======== MATERIAL PROVIDED ========

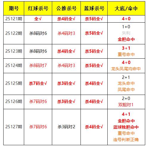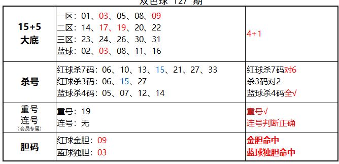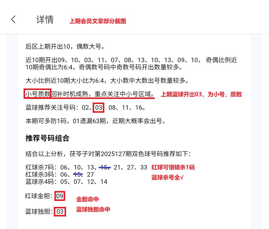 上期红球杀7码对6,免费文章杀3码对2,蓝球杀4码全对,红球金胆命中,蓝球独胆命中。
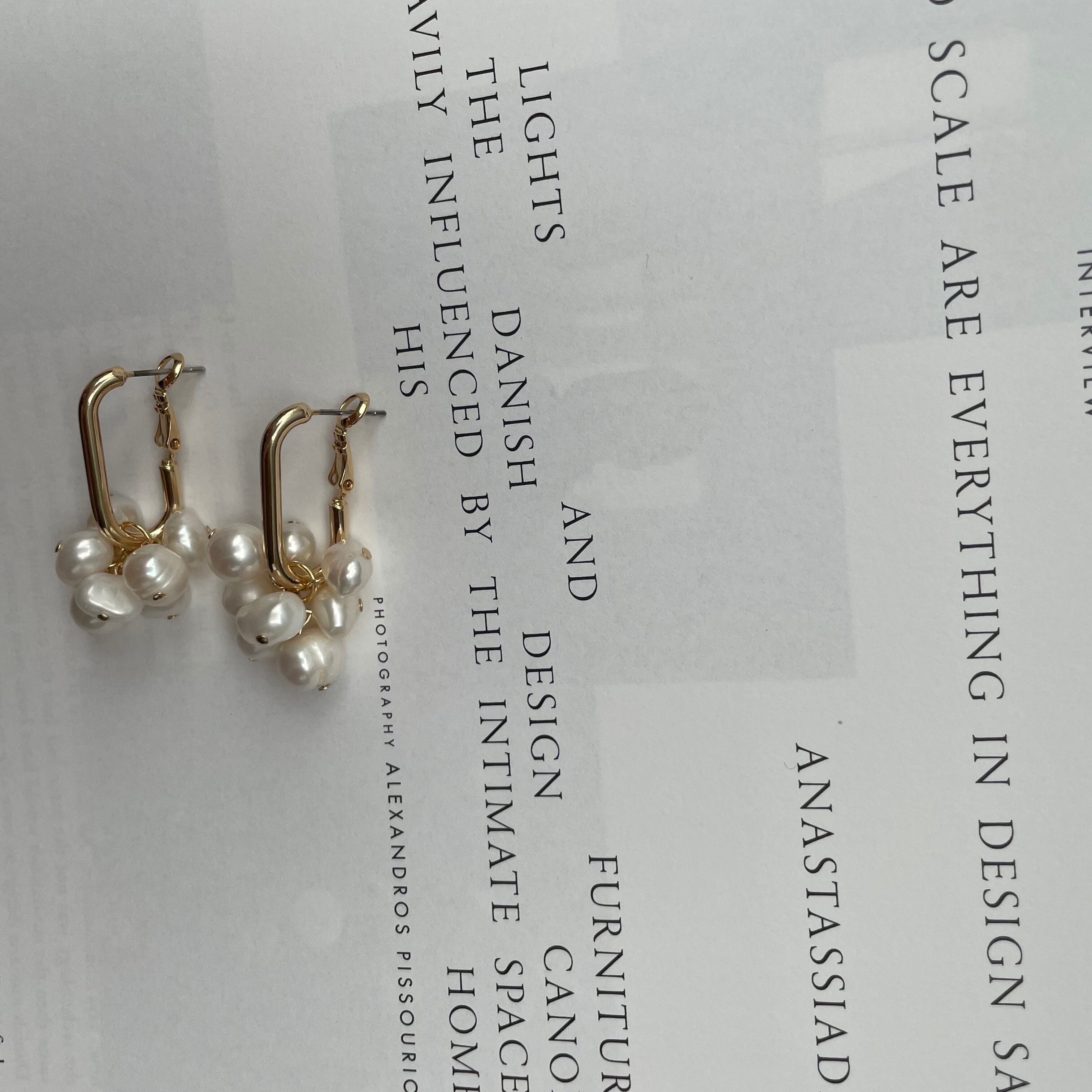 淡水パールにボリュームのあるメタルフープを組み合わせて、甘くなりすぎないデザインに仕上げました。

========
======== MATERIAL PROVIDED ========

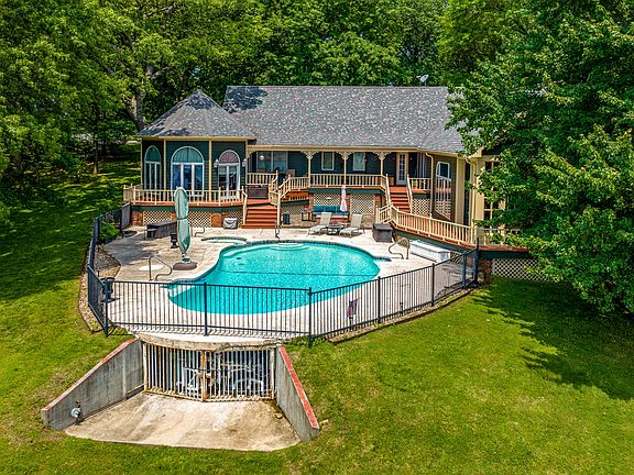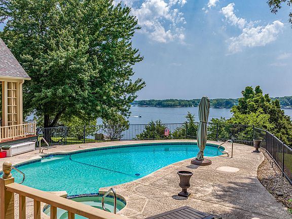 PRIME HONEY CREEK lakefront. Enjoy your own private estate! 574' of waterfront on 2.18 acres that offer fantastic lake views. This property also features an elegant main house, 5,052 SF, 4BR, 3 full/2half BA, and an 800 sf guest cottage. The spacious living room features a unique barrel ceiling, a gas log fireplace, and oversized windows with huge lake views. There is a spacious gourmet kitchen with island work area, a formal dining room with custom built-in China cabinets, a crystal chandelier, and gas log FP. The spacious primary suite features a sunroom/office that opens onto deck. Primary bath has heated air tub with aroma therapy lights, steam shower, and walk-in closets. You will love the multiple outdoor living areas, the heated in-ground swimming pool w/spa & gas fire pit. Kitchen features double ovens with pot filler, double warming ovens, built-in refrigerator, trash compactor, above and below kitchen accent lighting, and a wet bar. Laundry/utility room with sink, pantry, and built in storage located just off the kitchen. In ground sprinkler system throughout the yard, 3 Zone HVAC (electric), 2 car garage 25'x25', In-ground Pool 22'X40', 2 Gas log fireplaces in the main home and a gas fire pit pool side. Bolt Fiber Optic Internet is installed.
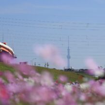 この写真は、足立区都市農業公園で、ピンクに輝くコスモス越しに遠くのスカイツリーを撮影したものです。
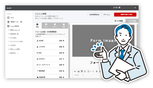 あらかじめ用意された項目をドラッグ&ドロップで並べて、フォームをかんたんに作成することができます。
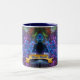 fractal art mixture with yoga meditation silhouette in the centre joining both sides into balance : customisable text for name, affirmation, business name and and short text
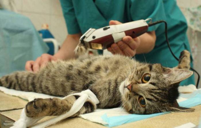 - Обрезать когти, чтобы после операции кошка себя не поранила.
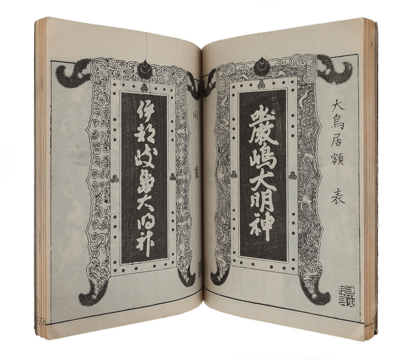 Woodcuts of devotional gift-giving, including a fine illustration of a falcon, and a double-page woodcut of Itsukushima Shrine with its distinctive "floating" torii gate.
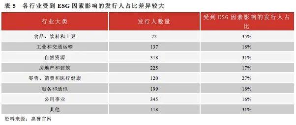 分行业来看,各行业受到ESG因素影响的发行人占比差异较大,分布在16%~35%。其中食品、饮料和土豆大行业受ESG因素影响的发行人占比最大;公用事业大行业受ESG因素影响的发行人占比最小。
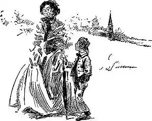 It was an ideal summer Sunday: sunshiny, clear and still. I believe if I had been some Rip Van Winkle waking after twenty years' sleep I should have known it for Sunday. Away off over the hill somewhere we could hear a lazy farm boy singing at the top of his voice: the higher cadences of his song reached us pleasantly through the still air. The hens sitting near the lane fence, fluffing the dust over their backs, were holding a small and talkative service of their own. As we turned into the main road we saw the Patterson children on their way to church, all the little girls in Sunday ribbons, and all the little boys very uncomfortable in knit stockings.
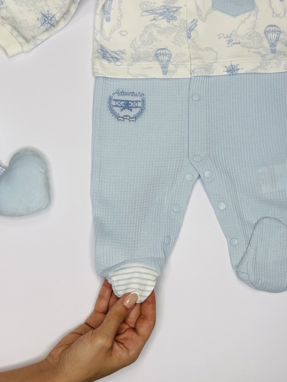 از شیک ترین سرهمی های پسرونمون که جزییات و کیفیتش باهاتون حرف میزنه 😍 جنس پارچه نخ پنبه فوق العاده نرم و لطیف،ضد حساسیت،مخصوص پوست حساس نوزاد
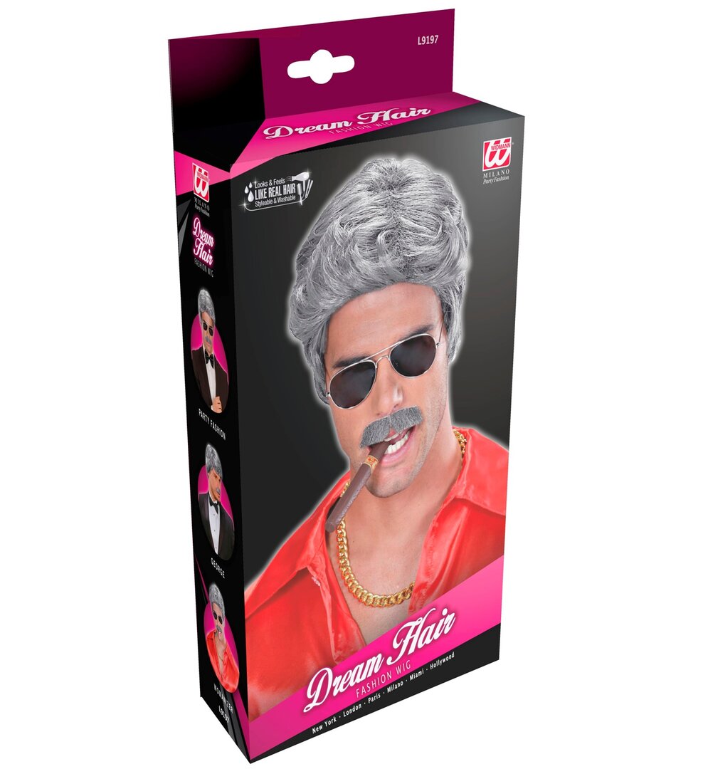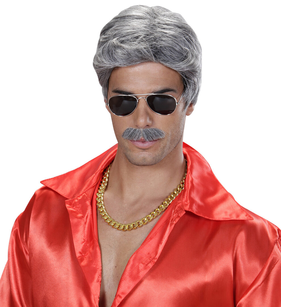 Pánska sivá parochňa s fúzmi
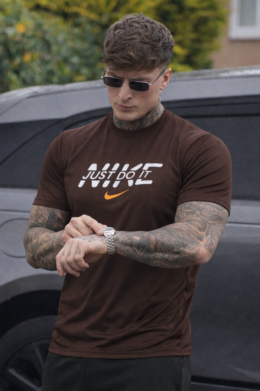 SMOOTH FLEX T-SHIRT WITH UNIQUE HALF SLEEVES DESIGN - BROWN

========
======== MATERIAL PROVIDED ========

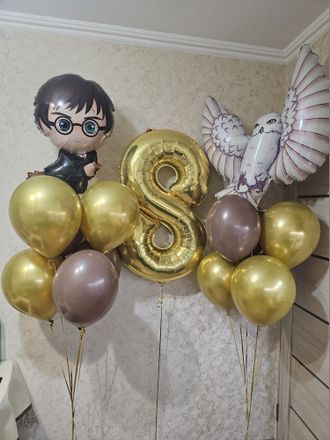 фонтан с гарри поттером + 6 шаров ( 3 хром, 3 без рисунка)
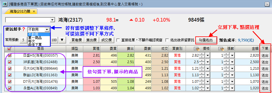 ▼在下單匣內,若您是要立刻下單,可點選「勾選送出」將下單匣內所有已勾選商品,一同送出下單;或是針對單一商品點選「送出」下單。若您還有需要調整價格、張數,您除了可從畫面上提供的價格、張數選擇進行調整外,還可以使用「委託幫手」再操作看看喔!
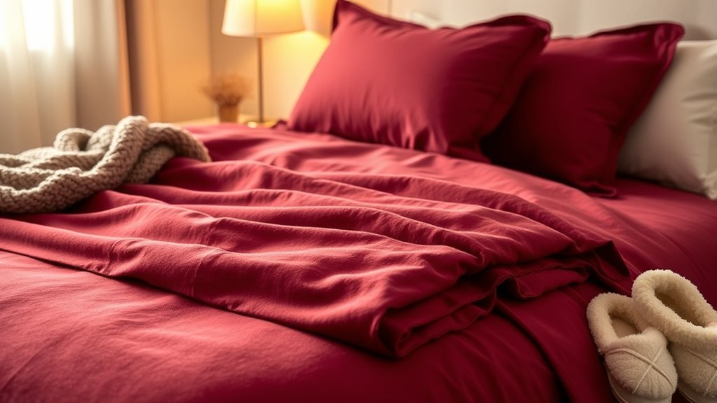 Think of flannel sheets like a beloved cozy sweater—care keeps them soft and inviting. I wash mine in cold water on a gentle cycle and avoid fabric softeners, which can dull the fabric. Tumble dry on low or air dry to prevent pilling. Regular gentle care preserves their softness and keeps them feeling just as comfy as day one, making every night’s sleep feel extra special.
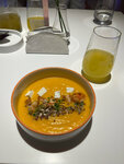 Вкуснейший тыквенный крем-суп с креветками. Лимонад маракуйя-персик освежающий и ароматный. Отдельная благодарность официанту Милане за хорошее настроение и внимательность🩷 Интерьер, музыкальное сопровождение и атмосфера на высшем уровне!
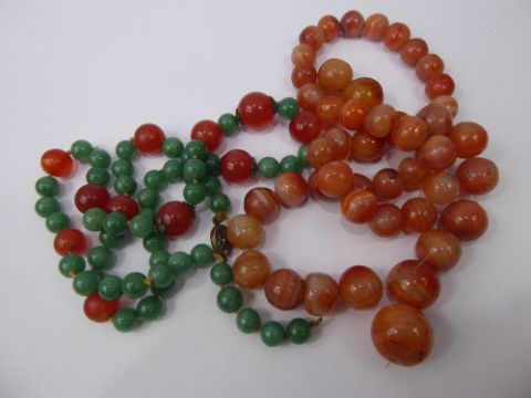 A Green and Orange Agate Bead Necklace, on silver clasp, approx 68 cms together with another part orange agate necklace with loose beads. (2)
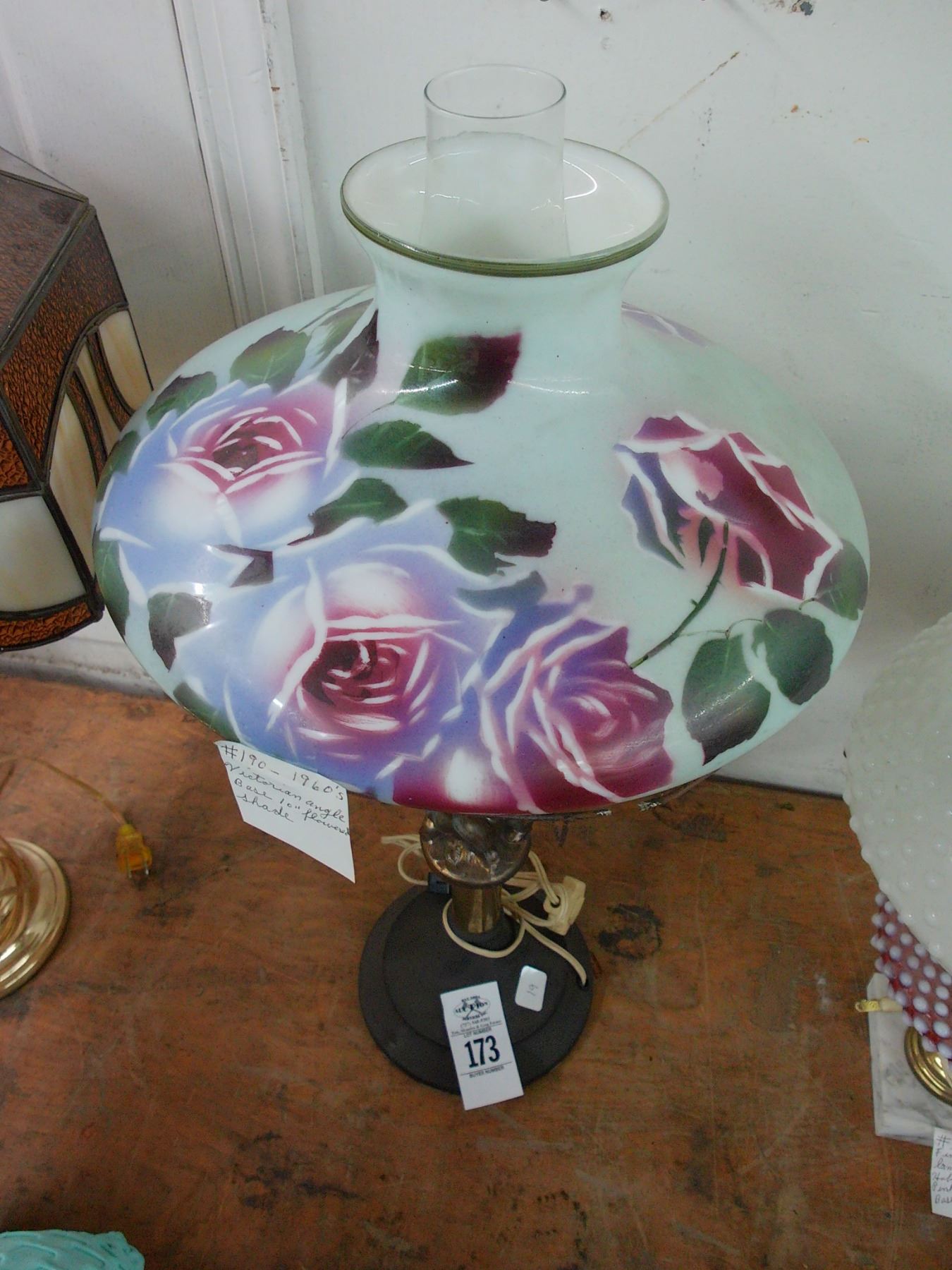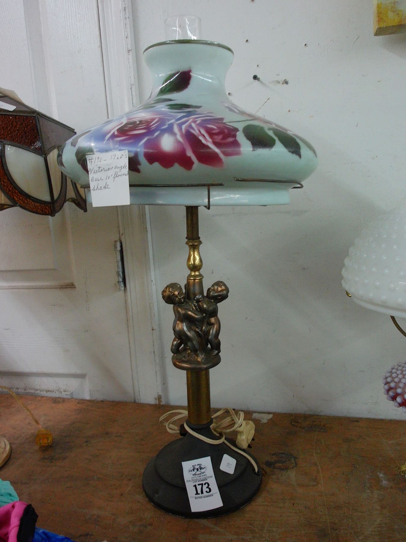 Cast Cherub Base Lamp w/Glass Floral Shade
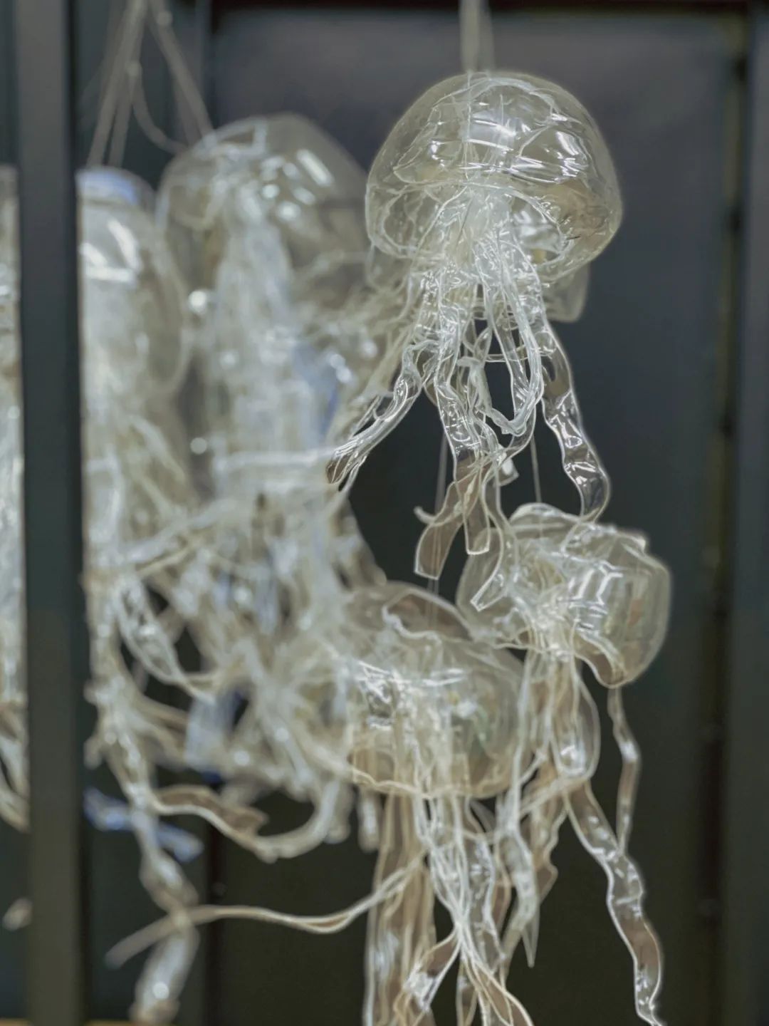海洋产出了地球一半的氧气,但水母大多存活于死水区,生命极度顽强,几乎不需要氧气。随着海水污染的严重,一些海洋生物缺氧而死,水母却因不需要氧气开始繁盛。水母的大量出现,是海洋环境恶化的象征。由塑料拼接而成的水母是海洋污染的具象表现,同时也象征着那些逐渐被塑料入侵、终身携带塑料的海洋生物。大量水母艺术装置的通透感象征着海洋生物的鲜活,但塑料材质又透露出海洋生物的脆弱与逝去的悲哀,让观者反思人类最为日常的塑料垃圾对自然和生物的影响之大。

========

* EXERCISE
Using the records above, print exactly the run of lines that starts with the line with "Cast Cherub Base Lamp w/Glass Floral Shade" and goes on through the line with "海洋产出了地球一半的氧气,但", pictures excluded.

* RESPONSE AREA
 Cast Cherub Base Lamp w/Glass Floral Shade
海洋产出了地球一半的氧气,但水母大多存活于死水区,生命极度顽强,几乎不需要氧气。随着海水污染的严重,一些海洋生物缺氧而死,水母却因不需要氧气开始繁盛。水母的大量出现,是海洋环境恶化的象征。由塑料拼接而成的水母是海洋污染的具象表现,同时也象征着那些逐渐被塑料入侵、终身携带塑料的海洋生物。大量水母艺术装置的通透感象征着海洋生物的鲜活,但塑料材质又透露出海洋生物的脆弱与逝去的悲哀,让观者反思人类最为日常的塑料垃圾对自然和生物的影响之大。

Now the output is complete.